A scatter plot is a type of data visualization that represents the relationship between two variables. It displays individual data points as dots on a twodimensional graph, with one variable plotted along the xaxis and the other variable plotted along the yaxis. Scatter plots are useful for visualizing the correlation or relationship between two continuous variables.

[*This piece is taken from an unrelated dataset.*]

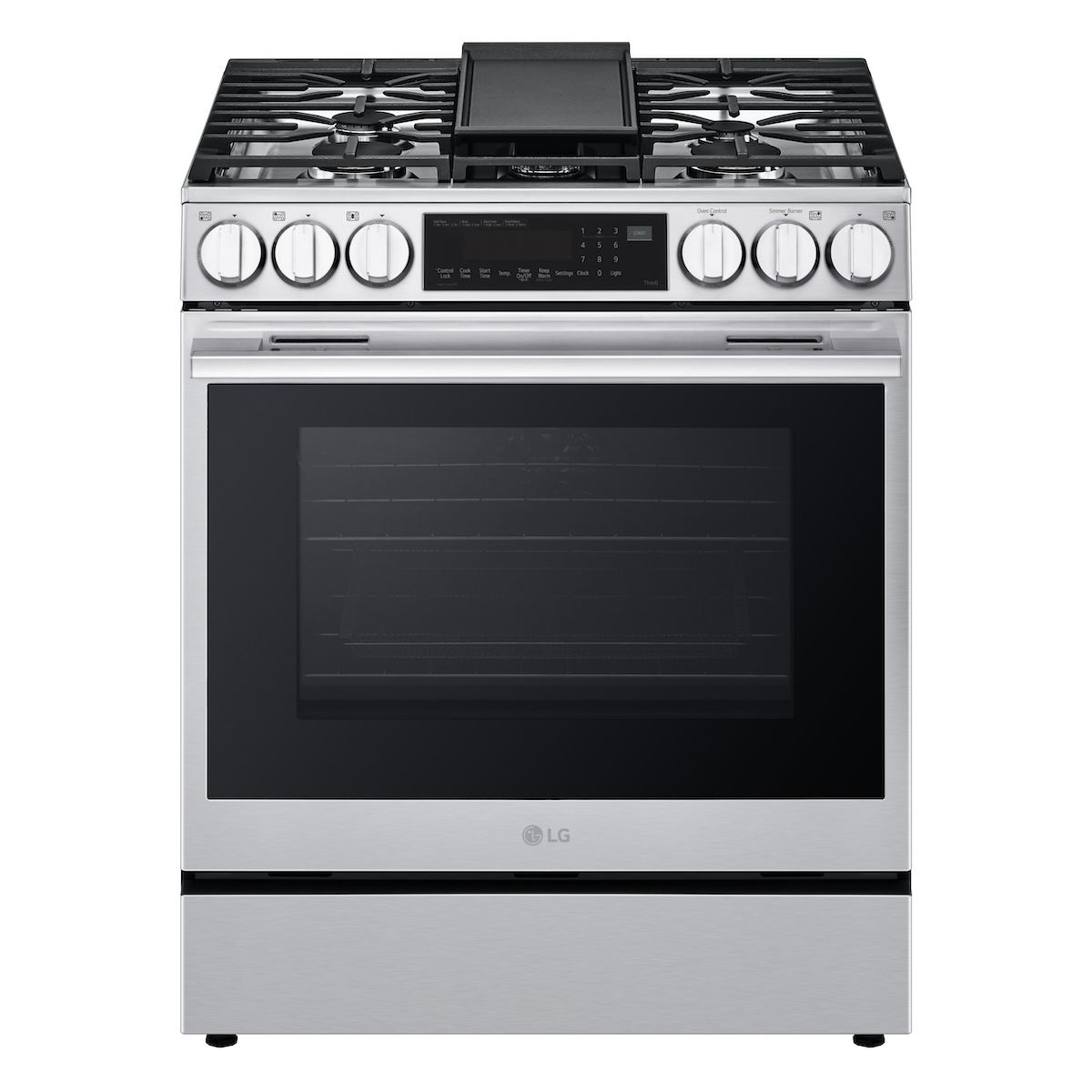 From big pans to small pots, oblong cookware to oversize griddles, the wide grate design of this LG gas range has room for them all. Rectangular grates cover more of the cooktop surface so you can use all 5 burners at once without performing a balancing act with your pans. Perfectly practical—the heavy duty grates extend from edge to edge to blend in with surrounding countertops and lend a premium look to your kitchen.

To see the relationship between product category 1 (categorical) and purchase using a scatter plot, we need to convert the categorical variable into a numerical representation. One way to achieve this is by assigning a numeric code to each category. For example, we can map ‘Product_Category_1’ values like ‘Category A’ to 1, ‘Category B’ to 2, and so on.
CODE
# Scatter plot
plt.scatter(sales_df['Product_Category_1'], sales_df['Purchase'], color='#8A2BE2', edgecolors='black')
# Set labels and title
plt.xlabel('Product Category 1')
plt.ylabel('Purchase')
plt.title('Relationship between Purchase and Product Category 1')
# Add gridlines
plt.grid(True, linestyle='', linewidth=0.5, alpha=0.7)
# Add transparency to the scatter points
plt.scatter(sales_df['Product_Category_1'], sales_df['Purchase'], color='#8A2BE2',** edgecolors='black', alpha=0.5)
plt.legend(['Data Points'])
plt.gca().set_facecolor('#F5F5F5')
plt.tight_layout()
# Display the plot
plt.show()
OUTPUT
As seen above, product categories 4, 13, 19 and 20 have products which are not priced more than 5000 hence these product categories, although numerous will generate the least revenue. On the other hand, product categories 9, 10, 6, and 7 have items with prices that typically start at or exceed 5,000 and can even reach 20,000 or 25,000, generating more revenue for the business. You can also probabilisticlaly determine the name of these categories from the price ranges. Most other categories are somewhere in between.
CODE
# Scatter plot
plt.scatter(sales_df['Product_Category_2'], sales_df['Purchase'], color='#32CD32' , edgecolors='black')
# Set labels and title
plt.xlabel('Product Category 2')
plt.ylabel('Purchase')
plt.title('Relationship between Purchase and Product Category 2')
# Add gridlines
plt.grid(True, linestyle='', linewidth=0.5, alpha=0.7)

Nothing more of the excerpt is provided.